Many of us treasure the things passed down through the generations. However, if you need to quickly generate some cash or are just tired of lugging around certain historical objects that nobody else wants, there are ways to sell your old family items to someone who will cherish them.
The current trend toward minimalisms has led to a rejection of patterned, painted, or embellished dinnerware. If you have a particular pattern or painted dinnerware set, such as Limoge plates, they may be lovely, but they’re probably not worth much.
Older pieces may be more popular, but you will need to carefully review the collection to make sure the whole set is in good shape. Check out eBay and other online sales platforms for a full set of the dinnerware you currently own and want to sell.

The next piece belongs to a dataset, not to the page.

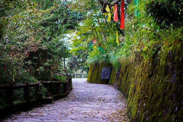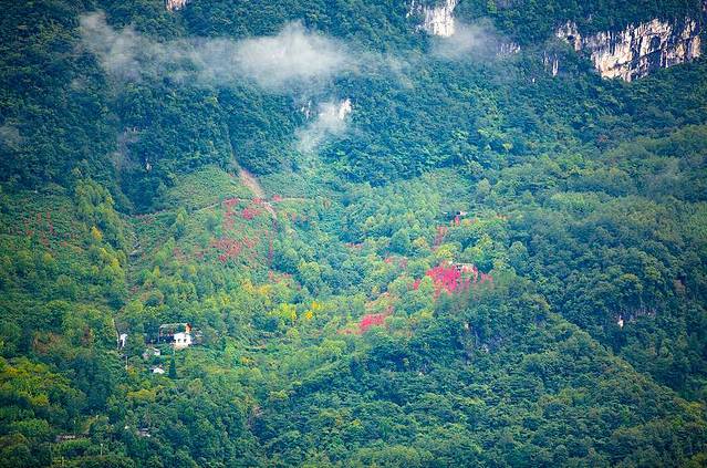 长长的尔玛古道出现在眼前,这里是秋色的聚集地,绿叶、红枫汇成一道道光景,和着岁月沉淀的石壁,在羌族历史中缓步前行,秋风、秋色、秋意便在这淋漓尽致的体现。
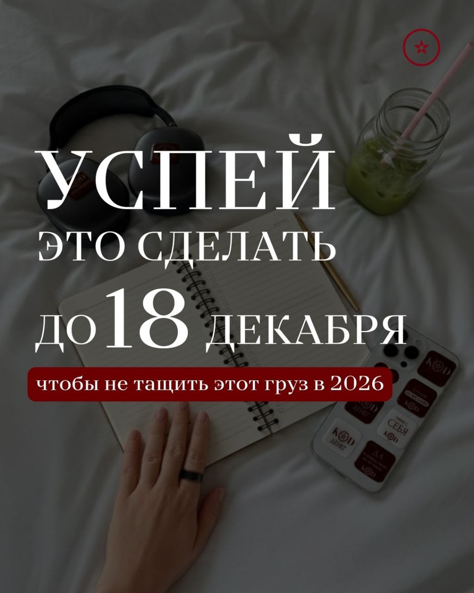 УСПЕЙ ЭТО СДЕЛАТЬ ДО 18 ДЕКАБРЯ 🖇️2025 год — год завершений под цифрой 9⃣ 📎Декабрь — самый сильный месяц, когда мы и так завершаем цикл, и нам дается последний шанс отдать все долги и учесть все уроки уходящего года. ‼️Это важно сделать до 18 декабря, пока не закроется энергетический цикл. 📎Непройденные уроки и незакрытые долги перейдут в 2⃣0⃣2⃣6⃣и их давление кратно усилится. ▫️Если ты хочешь отпустить уроки прошлого и войти в 2026 полностью открытой новому: ✅ Заверши старые проекты и начатые дела.✅ Простите тех, кого держишь в сердце обидой. ✅ Избавься от всего ненужного, физического и эмоционального груза. ✅ Подведи итоги и осознайте свои достижения и успехи. ✅ Осознай и запиши главные жизненные уроки уходящего года. ✅ Отпусти страх перед будущим и поверь в новые возможности. ✅ Вырази благодарность себе и окружающим за пройденный путь. 🖇️2026 принесет удачу каждому, кто подготовился к нему и новому началу правильно — открой свое сердце новым возможностям и энергии нового ци

Once you know the valuation options, you may be able to either complete the set with a few replacements, or you could become a replacements distributor yourself.
Getting your heirloom furniture valued may require you to pull some cushions or flip some pieces over. For example, if you have a craftsman armchair that’s a Stickley according to family lore, you may need to determine the date of creation and the shop it came from.
There were five Stickley brothers, and their marks all changed over time. Should you find the mark of an A, made of a compass tool, you have a Gustav. A chair marked with the Onondaga Shop, you have a piece from L & JG, or Leonard and John George.
If your piece is ornate, you may struggle to find a buyer in today’s tiny house, minimalist style. Prepare to have a lower valuation on Grandma’s marble-topped plant table or the ornate music rack that stood beside her piano.
However, if you have pieces from early in the 20th century that has stood the test of time and you want to downsize and sell, consider bringing in a living estate sale professional. These folks make their living getting good prices on your down-sizing process. You may not get the top prices, but you can get an honest valuation and let someone else take care of the marketing.
If you keep your favorite toys from childhood and they have some life in them, you may be in luck. Collectors aren’t the only ones looking for the gems of your childhood. Trying to figure out where can I sell toys no longer in the packaging can actually be pretty simple.
Should you be ready to turn loose of your Star Wars, Super Heroes, or Barbie doll sets, visit your local flea markets to see what collectors are displaying. If you notice someone who is generating decent sales, they may be willing to make you an offer or to sell for you on consignment.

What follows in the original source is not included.